More news about the killer's MO - he
uses roses that he grew himself! Also, the nurse called his call-in
show from the houses that she worked at overnight, so now they've got
a solid connection to Jason!
They talk to the producer, who tells
them about the requests for all of the themed murder songs, and then
lets them know that Jason just left to see his girlfriend. They rush
over there, but then it's time for a twist! Jason is the one who's
been murdered, I guess by his jealous wife? Or maybe the girlfriend,
who's gone missing? Either one would make sense, what with the vow
renewal coming up. The wife is more likely, since the girlfriend
probably wouldn't have posed Jason so grotesquely in her own home.
Joe confronts Portia with the news
about the creep, and she storms off, upset! For some reason Crystal
and Joe don't more gravely warn her about the situation. I'd be
seriously worried that she'll run off to confront the fiancee about
all of this dirt, and isn't it incredibly dangerous to accuse a
violent conman of cheating you? Wasn't that what drove Victor Webster
to kill people like 9 seasons ago?
Oh, and they discover that the wife is,
in fact, the killer. She has a rose garden, and was annoyed about a
diamond necklace being given to the girlfriend! Now the team just has
to track her down! They talk about how Jason was only cheating on his
wife with one person, and the wife is just a psycho who attacked
people who sent Jason fan mail! Except, you know, that flies
completely in the face of all of the crime scenes. How did a stranger
get into all of these people's homes with no trouble at all? Did she
say that she works on the show and was there in response to their fan
mail? Isn't that an incredibly strange thing to have happen? Like, if
Jason Gedrick shows up at their door, I'd believe they were so
surprised that they might open it – but some random woman? That's a
stretch.
The team rushes to where the couple's
wedding vow renewal was supposed to take place, and try to stop her
from killing herself! They manage to do it!
THE END
The creep goes to visit Joe at his
house, saying that he's still going to marry Portia. Joe nearly
breaks his wrist, and then says that if he tries to go through with
the marriage, he'll have the creep killed. Later Crystal drops by to
talk about the situation, and finds Joe playing solitaire. She
comments about how you can do that on a phone, and he says her
prefers the feel of cards. Except we know that Joe prefers to unwind
with video games. Weird that the show seems to have forgotten that.

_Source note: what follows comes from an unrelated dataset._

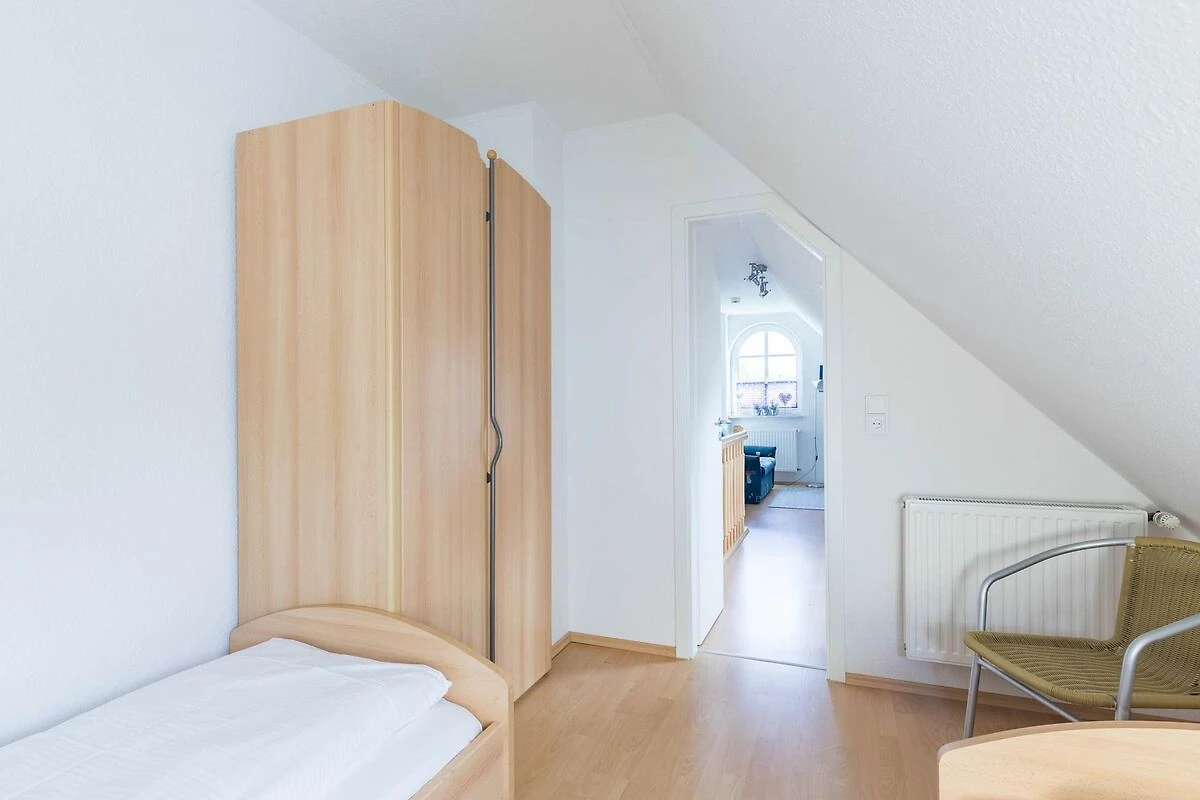 Für unsere kleinen Gäste stehen ein Kinder-Reisebettchen sowie ein Hochstuhl kostenlos in der Wohnung zur Nutzung bereit. Das Bettchen lässt sich gut im Wohnzimmer oder auch im obigen Gäste-/ Kinderzimmer platzieren.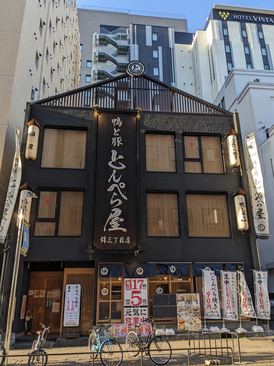 名古屋錦にある居酒屋です。リーズナブルな値段で鴨肉料理(ユッケなど)や鶏肉の刺身(もも、ササミ、レバー)を食べることができます。ハッピーアワーなら、インスタ投稿するとハイボールやサワーが1杯50円とお得です。

Crystal talks around asking if Joe
ruined the wedding, and Joe doesn't confirm or deny the situation. I
guess they're getting back together?
1 - Was profiling in any way helpful in
solving the crime?
Nope! They found a thing that all of
the victims had in common, then matched his wife to the roses!

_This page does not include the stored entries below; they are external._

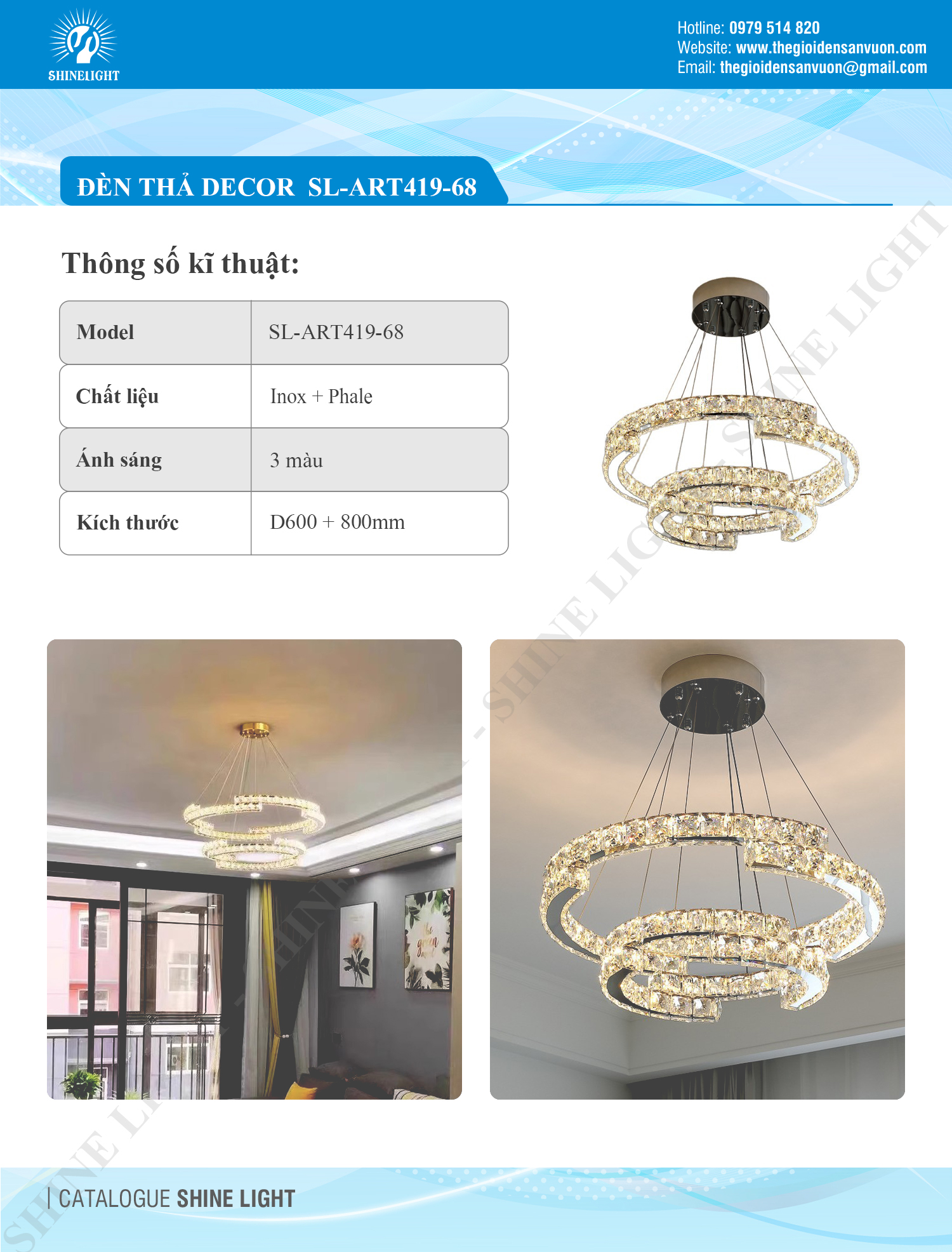 Không chỉ đơn thuần là thiết bị chiếu sáng, ĐÈN THẢ DECOR ART419-68 còn là một điểm nhấn nghệ thuật tinh tế, giúp nâng tầm không gian nội thất. Sự kết hợp giữa thiết kế đa tầng, chất liệu cao cấp và ánh sáng 3 màu mang đến trải nghiệm thị giác ấn tượng cho bất kỳ ai bước vào không gian của bạn.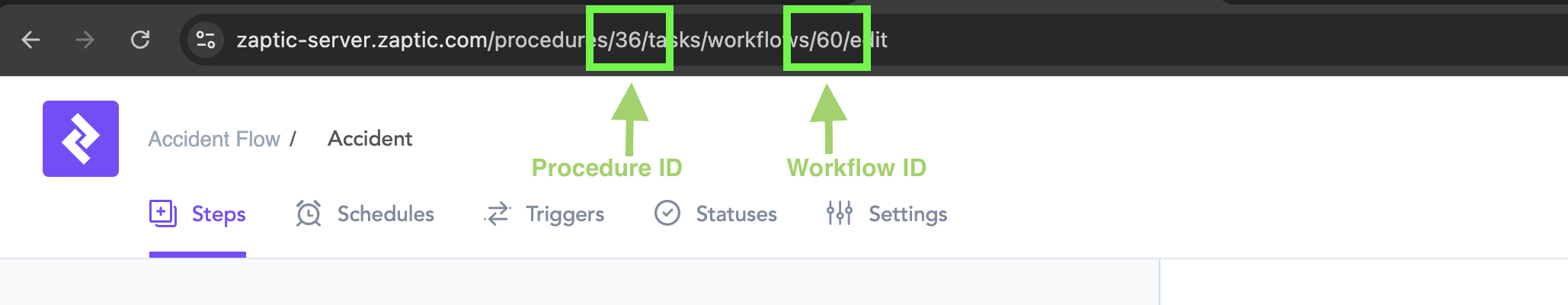 The specific Procedure ID and Workflow ID can be found at the end of the webpage's URL when opening the workflow on the Portal via a web browser. The first number found will be the Procedure ID, and the second number will be the Workflow ID.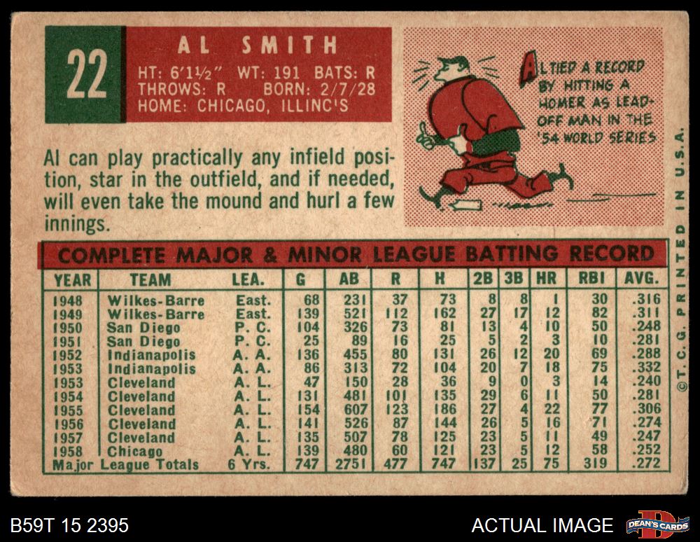 1959 Topps #22 Al Smith 4 - VG/EX

2 - Could the crime have been solved
just as easily using conventional police methods given the known
facts of the case?
Yes, and much faster than the team did!
So, on a scale of 1 (Dirty Harry) to 10
(Tony Hill), How Useful Was Profiling in Solving the Crime?
1/10 - It's weird that the episode's
need to have a twist completely invalidates the entire premise of the
mystery. If Jason had been sleeping with the victims, then there
would be a reason for them to keep that on the down-low and never
write about him on social media or anything like that. It would also
have explained how he got into their houses to kill them.
But they were just fans. Fans of an
internet DJ.
That means that they'd have talked
about him online, to their friends, there would be records of them
calling in requests, and his radio station would have been bookmarked
on all of their computers. And the killer would have no non-violent
way to get into their houses. Once you had two victims - three at the
absolute most - the connection would have been impossible to miss.
Then they'd have talked to Jason, found out he had an alibi, and
immediately arrested his wife.
The show needed a twist, though, so
everyone's behaviour needed to make no sense in order for it to be
possible. Terrible work this week, show.